This works becuase the `sum` method in `normalize` calls the `ReadVisits.__iter__` to allocate a new iterator object. The `for` loop to normalize the numbers also calls `__iter__` to allocate a second iterator object. Each of those iterators will be advanced and exhasuted independently, ensuring that each unique iteration sees all of the input data data values. The only downside to this approach is that it reads the input data multiple times.

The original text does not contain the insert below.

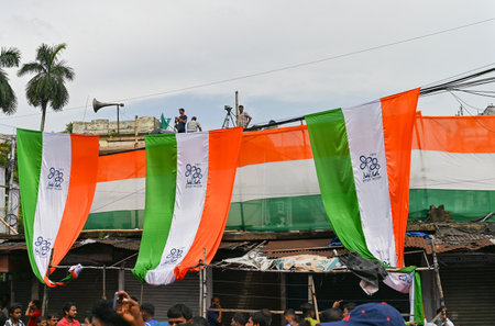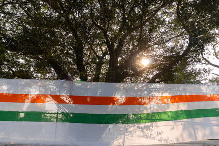 Road side of Red road has been coevered with white cloth with orange and green striped colours on the occasion of Indenpendence day of India. Sun shining through trees. Kolkata, West Bengal, India.
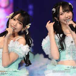 落合希来里はシャツにネクタイ、黒のアウター、美しい脚が際立つミニ丈スカートを合わせたスクールガール風のコーディネートで登場。永田詩央里はオーバーサイズのシャツにカラーニット、デニムジャケットのカジュアルな重ね着スタイルで、クールなランウェイを披露した。

The protocol states that when an iterator is passed to the `iter` built-in function, `iter` returns the iterator itself. In contrast, when a container type is passed to `iter`, a new iterator object is returned each time.

In [18]:
# We can test an input value for this behavior and raise a TypeError to reject arguments that can;t be repeatedly
# iterated over
def normalize_defensive(numbers):
    if iter(numbers) is numbers:
        raise TypeError('Must supply a container')
    total = sum(numbers)
    result = []
    for value in numbers():
        percent = 100 * value / total
        result.append(percent)
    return result

In [23]:
from collections.abc import Iterator

# We can also test if the parameter is an Iterator or not by using the Iterator class in the collections.abc built-in
# module
def normalize_defensive(numbers):
    if isinstance(numbers, Iterator): # Another way to check
        raise TypeError('Must supply a container')
    total = sum(numbers)
    result = []
    for value in numbers:
        percent = 100 * value / total
        result.append(percent)
    return result

The approach of using a container is ideal if we don't want to copy the full input iterator, as we did in the `normalize_copy` function, but we also need to iterate over the input data multiple times. 

In [24]:
# This function works as expected for list and ReadVisits inputs because they are iterable containers that follo the
# iterator protocol
visits = [15, 35, 80]
percentages = normalize_defensive(visits)
assert sum(percentages) == 100.0

visits = ReadVisits(path)
percentages = normalize_defensive(visits)
assert sum(percentages) == 100.0

In [25]:
# The function raises an exception if the input is an iterator rather than a container
visits = [15, 35, 80]
it = iter(visits)
normalize_defensive(it)

TypeError: Must supply a container